When New York Interconnect's management reviews what their advertising sales enterprise accomplished in 2020, beyond enduring a national pandemic, count on one development to be a top highlight. That development: Further increasing addressable ad campaigns beyond a pure linear cable network play, to a mix of linear cable and smart TV opportunities. "Advertisers who have executed successful addressable TV campaigns can now extend their reach, sometimes up to 30 percent by including broadband-only homes with addressable advertising," explains Hardy Johnson (pictured below), New York Interconnect's director of digital sales.
Multi-screen addressable advertising, as defined by the consortium of cable TV operators serving the New York metropolitan area, is running commercials simultaneously on linear cable networks and ad-supported programming services distributed through smart TV sets and connected devices. In some situations, campaigns run through other video platforms, or directly through ad infrastructure constructed by such smart set makers as Samsung and Vizio.

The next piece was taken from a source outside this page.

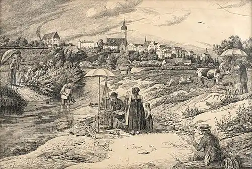 Waren es in den Jahren zwischen 1840 und 1875 in erster Linie Landschafter, die der stimmungsvollen Motive wegen immer wieder das Dachauer Land besuchten, so änderte sich das in den 1880er Jahren. Nun fanden auch Bildhauer und Grafiker den Weg nach Dachau sein Umland.[1]

Multiscreen addressable advertising has been an active strategy for NYI for several years and growing in scale as viewer characteristics continue to change. "We did our first campaign a few years ago with a major Detroit automotive advertiser who had been using addressable TV successfully," Johnson began. "They chose to include the multiscreen aspect because the cable companies (MVPD's) have proprietary IP addresses." Johnson went on to explain that the IP addresses used by these MVPDs, or Multichannel Video Programming Distributors, are always done on a privacy compliance, de-identified basis. So, as Johnson went on to explain, through utilizing multiscreen addressable advertising, "we were able to extend their reach, and of course, through our measurement data on the back-end, really help lift the overall campaign."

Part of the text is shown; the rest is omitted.